In Magid’s view, the Muslim community must respond by engaging in various means of dialogue to deconstruct the arguments used to justify violent extremism. Imam Magid advised the audience that “no Muslim should be intimidated, scared, or afraid to engage in political discourse or to stand up and say that I disagree with the American government on a specific issue because you have the right to free speech.” Commenting on the fears some Muslims have expressed about having their phones tapped or receiving undue scrutiny, Magid responded by saying, “even if that is the case, we have to fight the fight of civil rights and civil liberties as that’s how each people gain respect in this country.”

He also emphasized that “on a political issue if you disagree, you have to use a political platform to make that disagreement known.

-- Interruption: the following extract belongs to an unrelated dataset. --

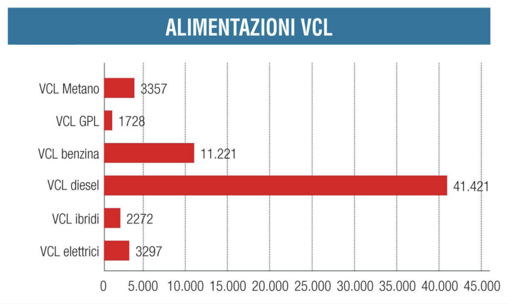 Nei veicoli commerciali la via dell’elettrificazione appare ancora più lunga, con la presenza di 41.421 unità con alimentazione diesel e 11.221 a benzina, cui segue il metano con 3.357 unità, tallonato dai full electric presenti nelle flotte con 3.297 veicoli commerciali.

Trying to take up arms in Pakistan, Afghanistan, or Iraq does not solve the real underlying issues.” In addition, Magid believes there is a need for Muslims to work to combat the negative portrayals of Muslims in the media and to offer young people an opportunity to learn “authentic and true Islam” to minimize the reliance on sometimes dubious internet sources.

Questions and Answers

For more thorough responses, listen to the mp3 audio. Zaid Shakir has written an extensive set of responses to questions received after the publication of his Letter to a Would-Be Mujahid article, which can be found here: Answers to “Would-Be Mujahids.”

1. What is violent extremism? Why is that we seem to be adopting the language the corporate media assigns to people struggling for self-determination in their own countries?

Zaid Shakir: Anyone whose land is invaded and occupied has a right to defend their land, their people, their honor, their resources and that right is universal. But we are not talking about that, no one is labeling those defending their land as violent extremists. But people who put bombs in marketplaces, masjids, and now churches or those who would blow up innocent people in some part of this country that’s not doing anything to liberate anybody’s lands. That’s just in many instances frustration…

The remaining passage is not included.